Notice of Privacy Practices


Jayne I Lessard
M.A. Clinical Psychology
LPC, AAMFT


908 Flicker Lane
High Point, NC 27262
(336) 988-6433

Notice of Privacy Practices

THIS NOTICE DESCRIBES HOW MEDICAL INFORMATION ABOUT YOU MAY BE USED AND DISCLOSED AND HOW YOU CAN GET ACCESS TO THIS INFORMATION. PLEASE REVIEW THIS NOTICE CAREFULLY. YOUR PRIVACY IS IMPORTANT TO ME.

Your record contains personal information about you and your health. This information about you that may identify you and that relates to your past, present or future physical or mental health or condition and related health care services is referred to as Protected Health Information (“PHI”). This Notice of Privacy Practices describes how we may use and disclose your PHI in accordance with applicable law. It also describes your rights regarding how you may gain access to and control your PHI.

I am required by law to maintaing the privacy of PHI and to provide you with notice of our legal duties and privacy practices with respect to PHI. I am required to abide by the terms of this Notice of Privacy Practices. I reserve the right to change the terms of our Notice of Privacy Practices at any time. Any new Notice of Privacy Practices will be effective for all PHI that we maintain at the time. I will provide you with a copy of the revised Notice of Privacy Practices by sending a copy to you in the mail upon request or providing one to you at your next appointment.
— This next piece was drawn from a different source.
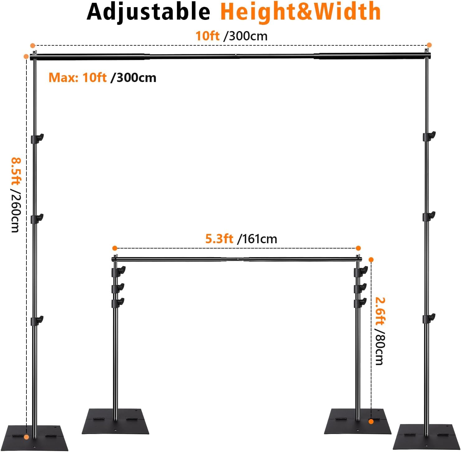 Pipe and Drape Photography Backdrop Stand Kit Adjustable Photo Background Stand 10ft x 8.5ft with Metal Base for Parties Weddings Birthday Party Events Photo Booth with 4 Clamps,Carrying Bag.

HOW WE MAY USE AND DISCLOSE HEALTH INFORMATION ABOUT YOU

For Treatment: Your PHI may be used and disclosed by those who are involved in your care for the purpose of providing, coordination, or managing your health care treatment and related services. I may disclose PHI to any other consultant only with your authorization.

For Payment: I may use and disclose PHI so that I can receive payment for the treatment services provided to you. This will only be done with your authorization. Examples of payment-related activities are: Making a determination of eligibility or coverage for insurance benefits, processing claims with your insurance company, reviewing services provided to you to determine medical necessity, or undertaking utilization review activities.

For Health Care Operations: I may use or disclose, as needed, your PHI in order to support my business activities. For example, I may share your PHI with third parties that perform various business activities (e.g. billing or data entry services) provided we have a written contract with the business that requires it to safeguard the privacy of your PHI. For training or teaching purposes PHI will be disclosed only with your authorization. I may use your PHI to call or write to remind you of appointments and to inform you of additional services or treatment alternatives that are available to you.

Required by Law: Under the law, we must make disclosures of your PHI to you upon your request. In addition, we must make disclosures to the Secretary of the Department of Health and Human Services for the purpose of investigation or determining our compliance with the requirements of the Privacy Rule.